If you choose them wisely, most of the legal details you negotiate will be of little importance. If you stumble, but clearly communicate the reasons for the failure and your measures to tackle it, most angels will remain on you. (They wouldn`t have invested if they hadn`t believed in you). Start-up founders should take into account the following five essential provisions of an angel agenda: Any change in capital structure, new shares, options or debts must be approved by the majority of investors in this cycle. The main advantage of this structure is that the parties may defer setting an valuation of the business until a future funding cycle. When the next round is over, the debt turns into shares at the purchase price determined at that time, sometimes with a discount of 10% to 25%, to reward the angel for his early investment. Less typical provisions are exclusive alliances that force the start-up to cease investment discussions with others, but some more organized angel unions contain such provisions in their standard term sheets. (If so, founders should not limit this period to more than 30 to 60 days.) Common shares are residual value shares of the same class issued to the founders of a start-up. Convertible preferred shares are shares that have a liquidation preference over common shares (with Engel transactions, usually the initial price of the investment) and can be converted into common shares of residual value. I`m not a fan of change notes as a form of an angel investment. When I make an angel investment, I prefer to rent the tour and do a „series A light“ (simple terms, but always a preferred instrument.) Basil Peters has published a series of articles on Angel`s Blog, which talks about convertible note issues for Angel Investing, offers exchangeable shares for Angel Investors and even offers a one-page sheet for Angel`s Investors. If you are an angel who negotiates with a company or company on the way to a tour of angels, you should take a look at the one-way concept sheet of Basil Peters.
It is full of good ideas on how to reach an agreement without huge legal bills. Without a standard trading style, startups and angels end up turning their wheels into negotiations. In this context, many angelic groups have attempted to standardize their concept sheets in order to streamline the consideration and resolution of some of the key issues (such as corporate governance) that startups and their investors face. Please consider pre-emption rights granted to investors or any right of approval for future financing cycles. If you have several angels, you can create a corporate governance regime that will include an independent assessment of the alternatives available and would offer some protection against investor appreciation or opportunism. This is not a theory or an academic exercise. This terminology sheet is now used by Engelsfonds in BC. Most Engel concept sheets contain basic confidentiality obligations (especially when proposed investors have not signed a confidentiality agreement).
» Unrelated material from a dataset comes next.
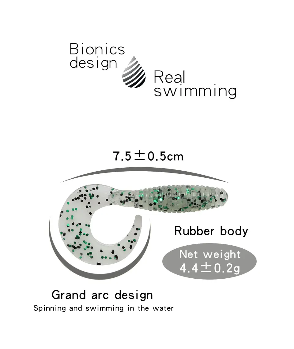 Señuelo suave de marca W.P.E, 5 unidades por paquete, plantilla de silicona Multicolor, cebo de natación, señuelo suave para lubina, Wobblers de pesca con cola en T, aparejos de pesca

The fund, along with all union investors (the „investors“) acquire common shares (the „shares“) at a price of USD per share. The global cycle for all investors is , by which the fund – invests to acquire a total of shares.
As long as investors hold their shares and up to a liquidity event, they have the right to exchange them for the same type and class of securities issued by the company (the „new securities“) in any financing follow-up if these new securities have rights greater than the shares.